That makes PhD student unions common, but not the majority. It means they’re not unheard of and strange, but a typical university still isn’t unionized. It’s the sweet spot for controversy. It leads to a lot of dumb tweets.
(I won’t link to the tweet, in part because this person is probably being harassed enough already.)
I don’t know how things work in this professor’s field. But the implication, that professors primarily take on PhD students because they’re cheaper, not only doesn’t match my experience: it also just doesn’t make very much sense.
Imagine a neighborhood where the children form a union. They decide to demand a higher allowance, and to persuade any new children in the neighborhood to follow their lead.
Now imagine a couple in that neighborhood, deciding whether to have a child. Do you think that they might look at the fees the “children’s union” charges, and decide to hire an adult to do their chores instead?

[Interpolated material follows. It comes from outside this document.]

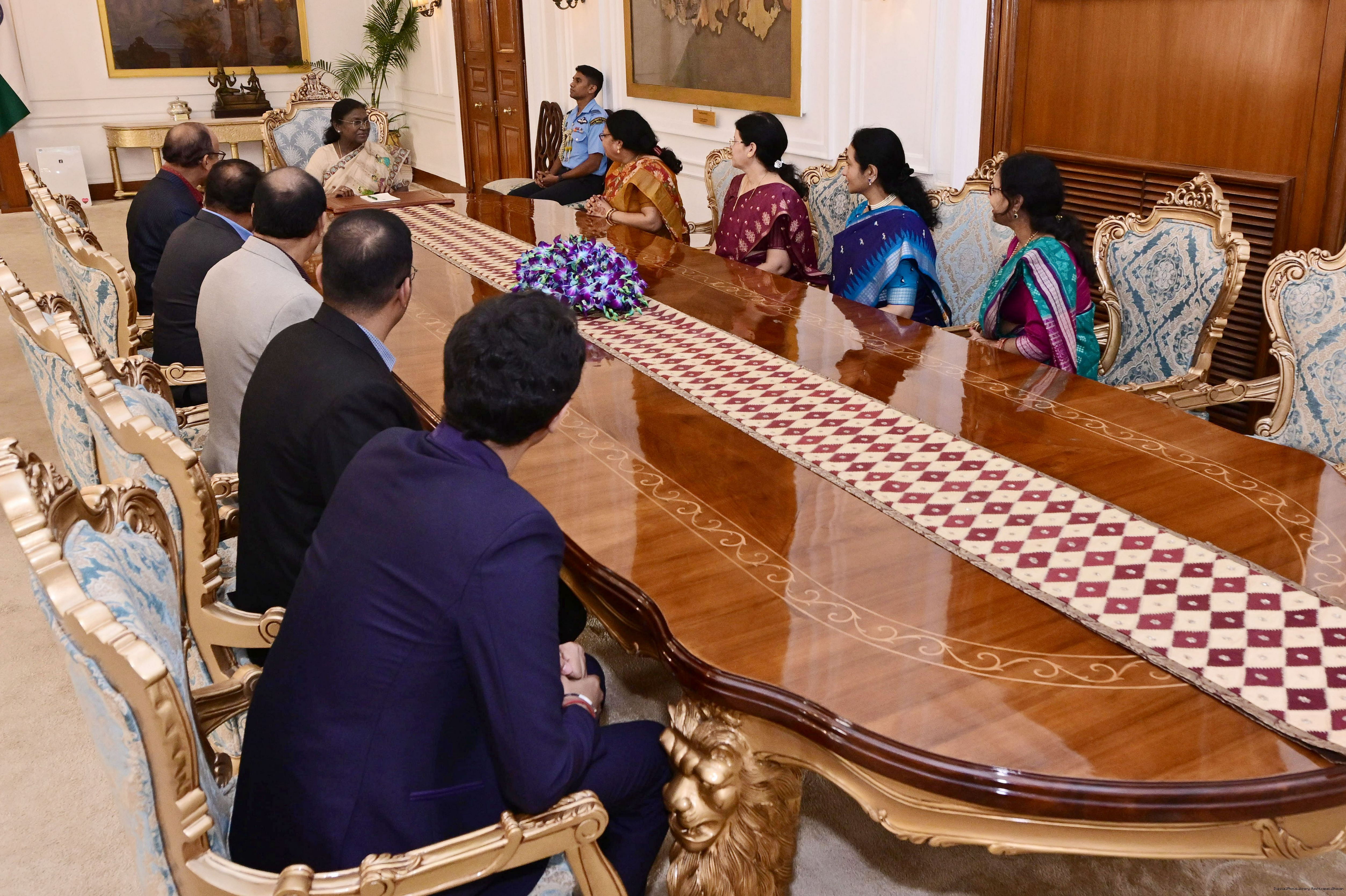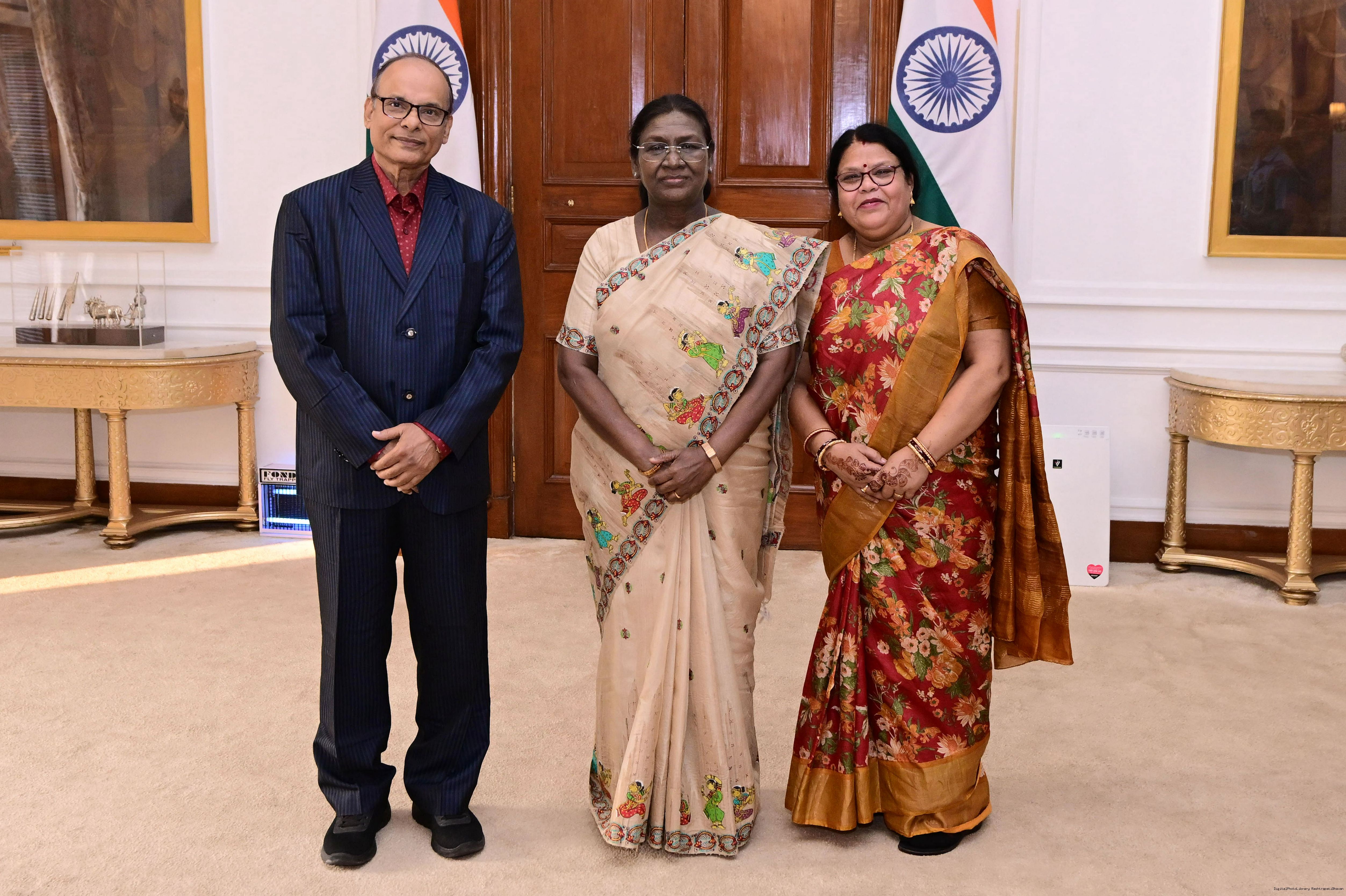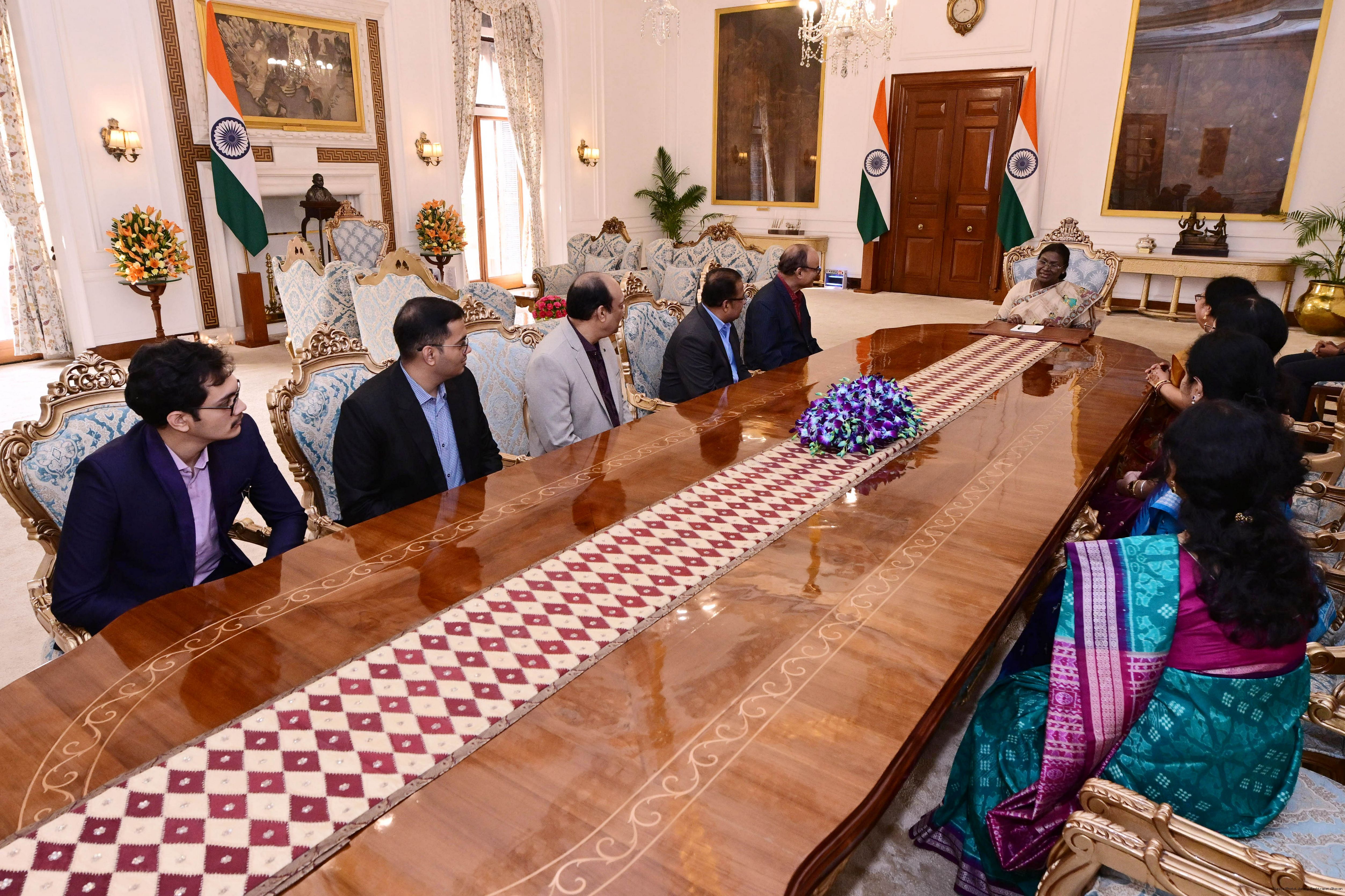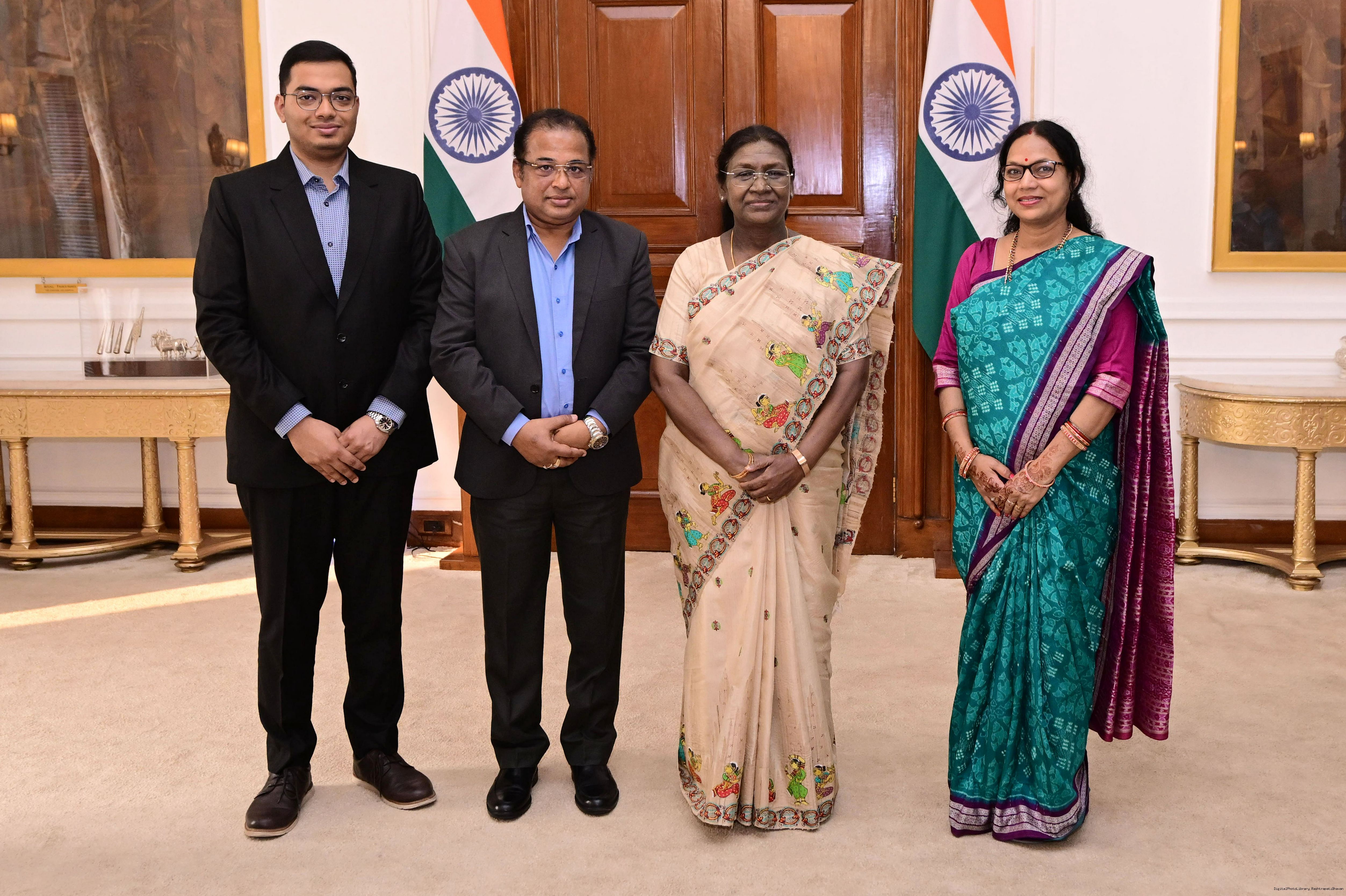 | Caption: | Dr. Pradip Ku. Mohapatra from Baripada, Mayurbhanj, Odisha along with others meeting with the President of India, Smt. Droupadi Murmu at Rashtrapati Bhavan on November 22, 2025. |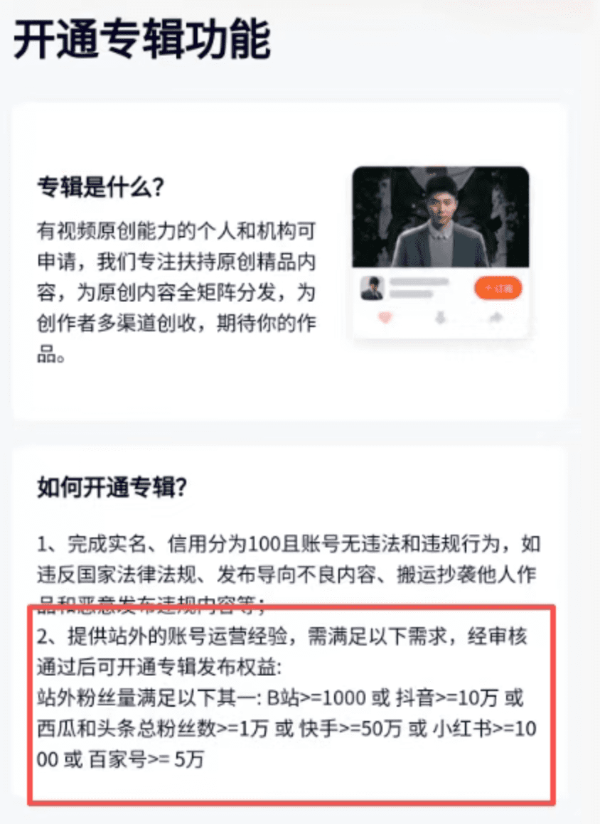 02接着就要开通流量分成和专辑权益。专辑权益需要有门槛,需要1000粉丝才能开通。我们可以从B站,抖音上搬运一些沙雕动画,游戏视频来涨粉。我亲测,大概3-5天那就够了。

Maybe there’s a price where they’d do that. If neighborhood children demanded thousands of dollars in allowance, maybe the young couple would decide that it’s too expensive to have a child. But a small shift is unlikely to change things very much: people have kids for many reasons, and those reasons don’t usually include cheap labor.
The reasons professors take on PhD students are similar to the reasons parents decide to have children. Some people have children because they want a legacy, something of theirs that survives to the next generation. For professors, PhD students are our legacy, our chance to raise someone on our ideas and see how they build on them. Some people have children because they love the act of child-raising: helping someone grow and learn about the world. The professors who take on students like taking on students: teaching is fun, after all.
That doesn’t mean there won’t be cases “on the margin”, where a professor finds they can’t afford a student they previously could. (And to be fair to the tweet I’m criticizing, they did even use the word “marginal”.) But they would have to be in a very tight funding situation, with very little flexibility.
And even for situations like that, long-term, I’m not sure anything would change.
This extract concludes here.